Work order: For the records below, output word for word the lines from the one with "第二特集は、本年の大河ドラマ" up to and including the one with "10月15日,3344222". No pictures.

Input material:
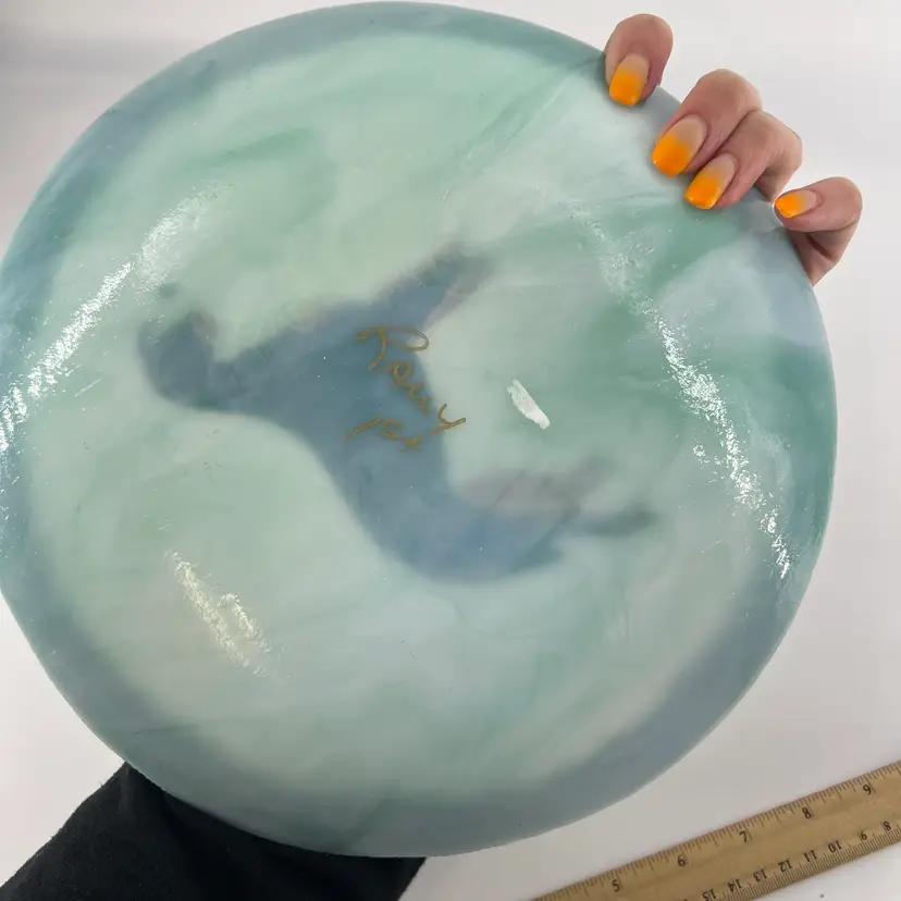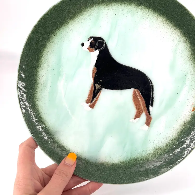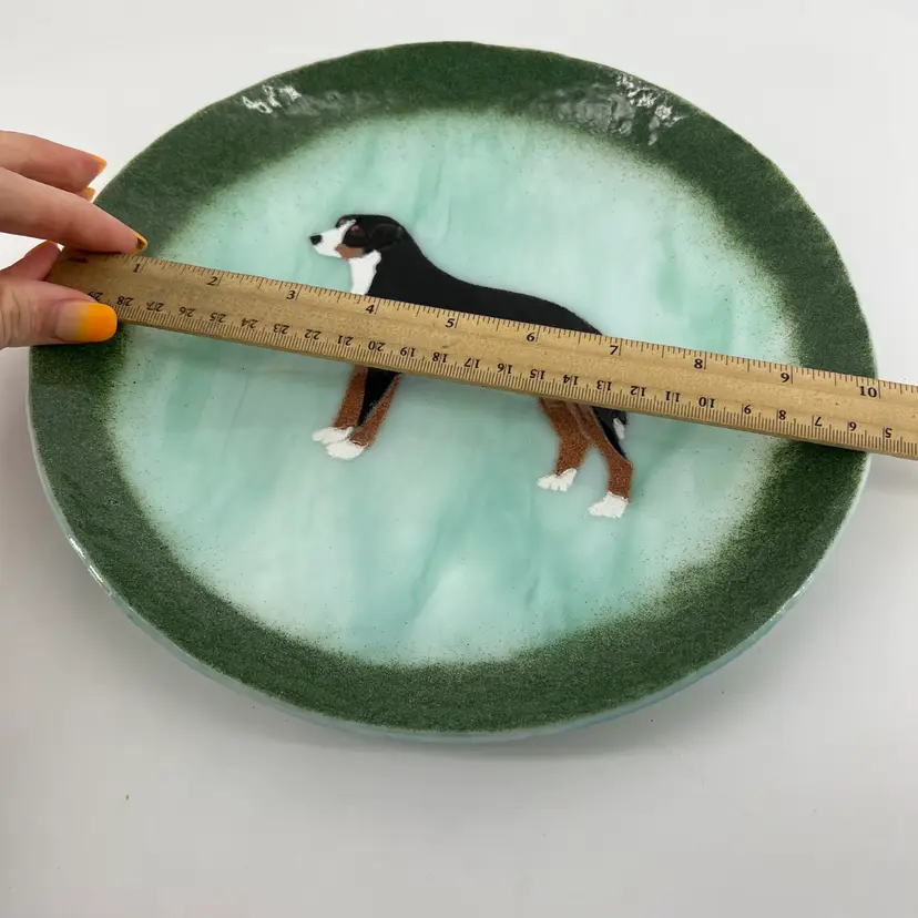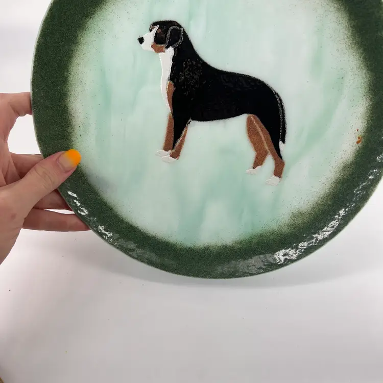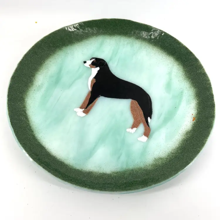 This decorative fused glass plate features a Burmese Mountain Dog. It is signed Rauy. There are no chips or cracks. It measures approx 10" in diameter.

---

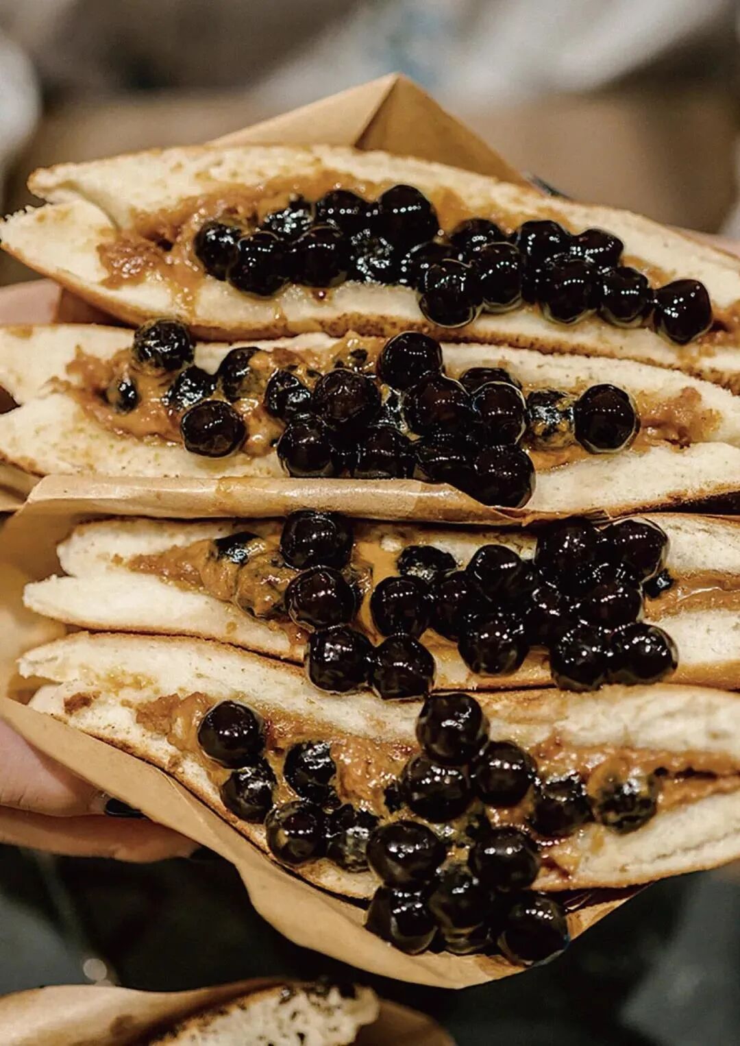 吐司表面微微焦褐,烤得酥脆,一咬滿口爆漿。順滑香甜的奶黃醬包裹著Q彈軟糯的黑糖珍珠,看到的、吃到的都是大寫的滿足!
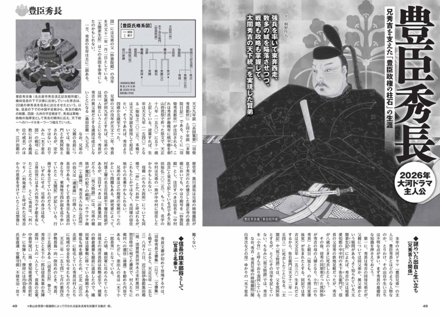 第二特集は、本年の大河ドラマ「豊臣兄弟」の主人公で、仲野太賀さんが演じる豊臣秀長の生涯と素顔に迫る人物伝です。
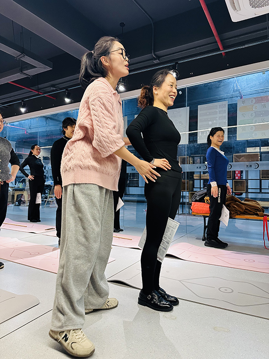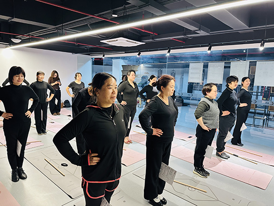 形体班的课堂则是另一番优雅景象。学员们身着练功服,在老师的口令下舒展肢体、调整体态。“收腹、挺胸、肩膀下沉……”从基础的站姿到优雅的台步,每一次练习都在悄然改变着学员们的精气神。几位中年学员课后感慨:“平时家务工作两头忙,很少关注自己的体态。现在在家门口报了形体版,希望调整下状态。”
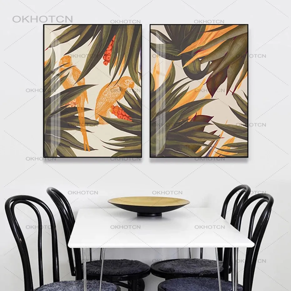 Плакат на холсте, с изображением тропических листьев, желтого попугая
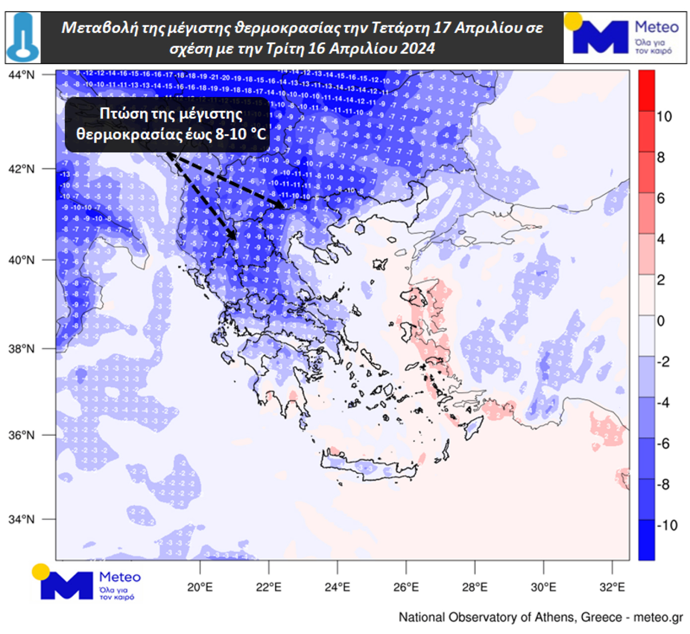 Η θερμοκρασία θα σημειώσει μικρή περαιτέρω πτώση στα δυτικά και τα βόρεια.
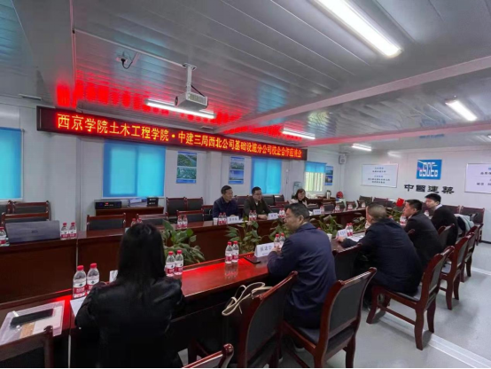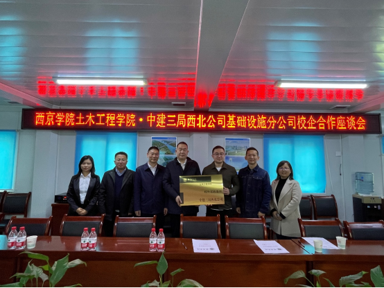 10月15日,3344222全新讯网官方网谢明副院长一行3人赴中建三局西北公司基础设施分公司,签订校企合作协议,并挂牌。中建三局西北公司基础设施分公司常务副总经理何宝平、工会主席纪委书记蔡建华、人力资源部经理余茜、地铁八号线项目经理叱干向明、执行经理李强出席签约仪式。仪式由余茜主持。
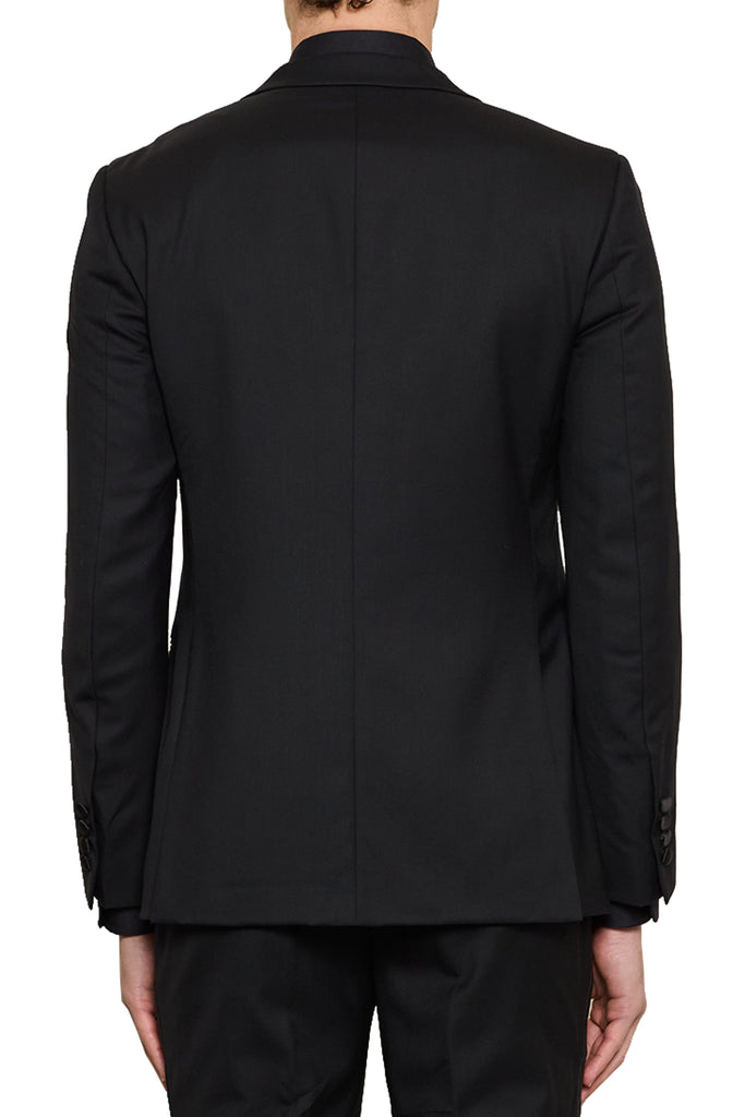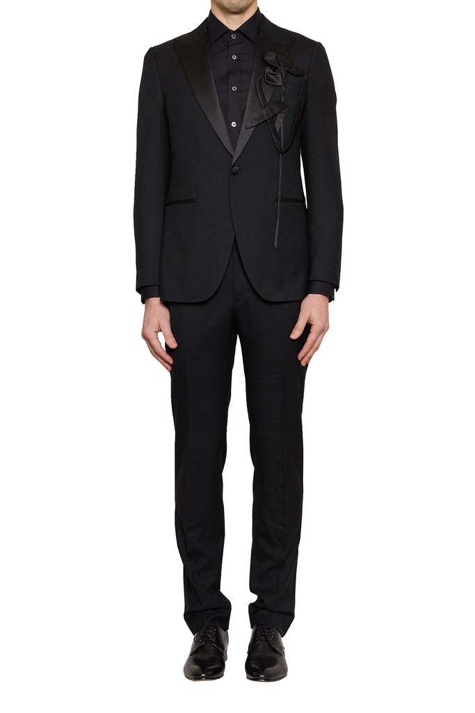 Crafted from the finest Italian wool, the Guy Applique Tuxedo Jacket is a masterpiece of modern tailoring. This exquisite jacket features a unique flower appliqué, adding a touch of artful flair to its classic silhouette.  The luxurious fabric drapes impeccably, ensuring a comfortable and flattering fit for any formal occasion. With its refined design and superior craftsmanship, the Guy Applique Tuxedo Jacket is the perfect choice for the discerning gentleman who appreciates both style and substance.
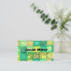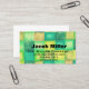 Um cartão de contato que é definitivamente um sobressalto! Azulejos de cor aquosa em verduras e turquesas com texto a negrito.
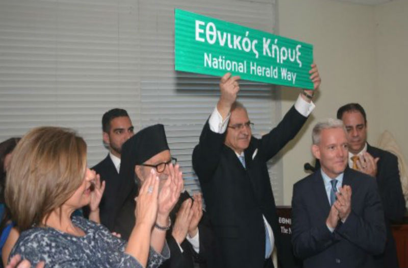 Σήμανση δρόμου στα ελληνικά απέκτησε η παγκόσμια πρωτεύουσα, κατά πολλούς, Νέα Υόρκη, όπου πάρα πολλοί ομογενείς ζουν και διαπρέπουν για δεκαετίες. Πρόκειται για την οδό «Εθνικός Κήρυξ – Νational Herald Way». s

Reply to the exercise:
 第二特集は、本年の大河ドラマ「豊臣兄弟」の主人公で、仲野太賀さんが演じる豊臣秀長の生涯と素顔に迫る人物伝です。
 形体班的课堂则是另一番优雅景象。学员们身着练功服,在老师的口令下舒展肢体、调整体态。“收腹、挺胸、肩膀下沉……”从基础的站姿到优雅的台步,每一次练习都在悄然改变着学员们的精气神。几位中年学员课后感慨:“平时家务工作两头忙,很少关注自己的体态。现在在家门口报了形体版,希望调整下状态。”
 Плакат на холсте, с изображением тропических листьев, желтого попугая
 Η θερμοκρασία θα σημειώσει μικρή περαιτέρω πτώση στα δυτικά και τα βόρεια.
 10月15日,3344222全新讯网官方网谢明副院长一行3人赴中建三局西北公司基础设施分公司,签订校企合作协议,并挂牌。中建三局西北公司基础设施分公司常务副总经理何宝平、工会主席纪委书记蔡建华、人力资源部经理余茜、地铁八号线项目经理叱干向明、执行经理李强出席签约仪式。仪式由余茜主持。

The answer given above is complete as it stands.